» TASK REQUIREMENTS: Reproduce nothing beyond the line containing "В списъка с". From the first line of the data below down to it, copy each line exactly, without the pictures.

» SUPPLIED INFORMATION:

---*---

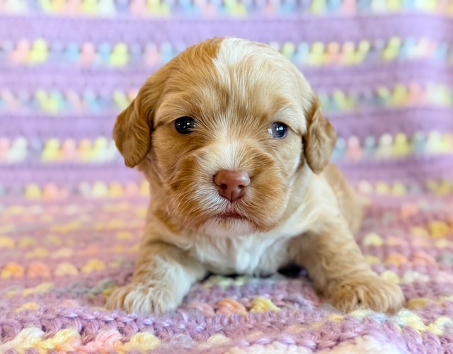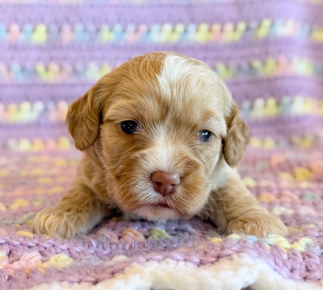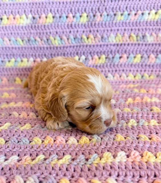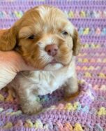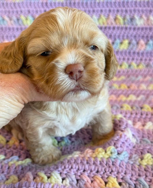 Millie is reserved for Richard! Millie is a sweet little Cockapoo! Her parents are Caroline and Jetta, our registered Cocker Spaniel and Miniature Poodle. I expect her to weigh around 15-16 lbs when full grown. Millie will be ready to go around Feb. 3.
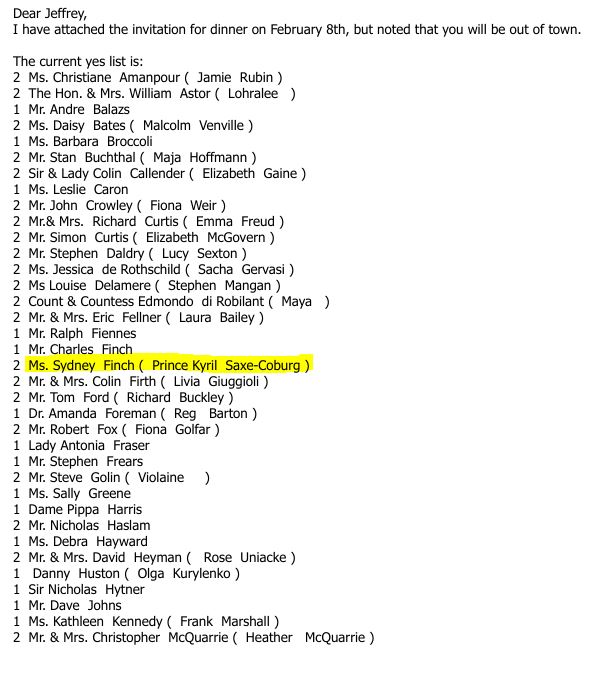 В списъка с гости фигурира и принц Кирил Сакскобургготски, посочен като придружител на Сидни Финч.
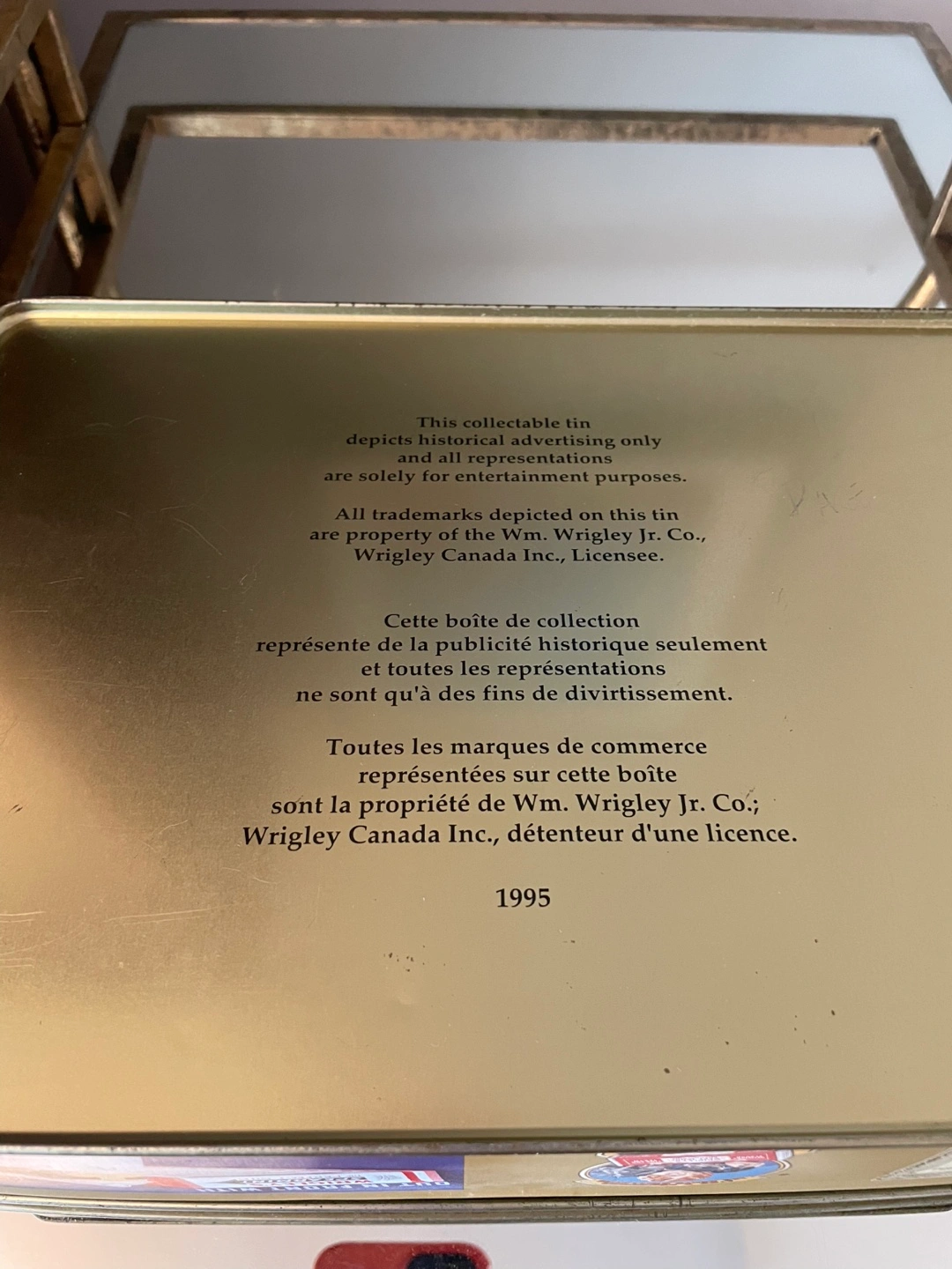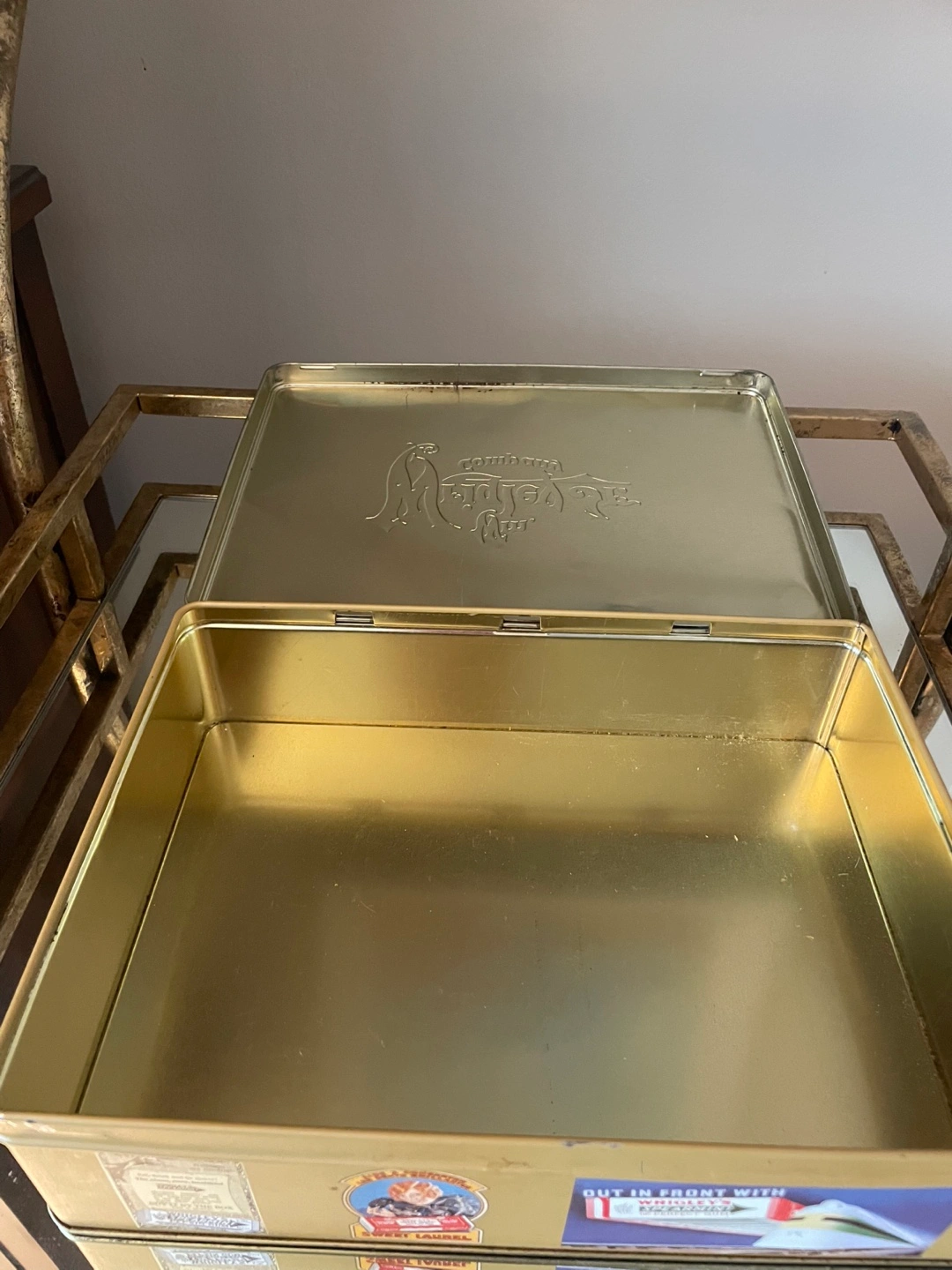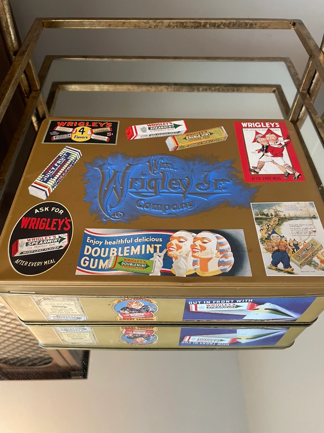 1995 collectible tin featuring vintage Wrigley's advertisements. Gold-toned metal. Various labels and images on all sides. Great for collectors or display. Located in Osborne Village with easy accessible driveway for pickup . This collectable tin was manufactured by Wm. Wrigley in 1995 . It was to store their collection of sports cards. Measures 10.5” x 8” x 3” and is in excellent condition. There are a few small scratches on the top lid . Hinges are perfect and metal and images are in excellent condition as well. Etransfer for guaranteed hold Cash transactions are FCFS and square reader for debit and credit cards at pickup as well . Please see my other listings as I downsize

---*---

» RESPONSE TO THE TASK:
 Millie is reserved for Richard! Millie is a sweet little Cockapoo! Her parents are Caroline and Jetta, our registered Cocker Spaniel and Miniature Poodle. I expect her to weigh around 15-16 lbs when full grown. Millie will be ready to go around Feb. 3.
 В списъка с гости фигурира и принц Кирил Сакскобургготски, посочен като придружител на Сидни Финч.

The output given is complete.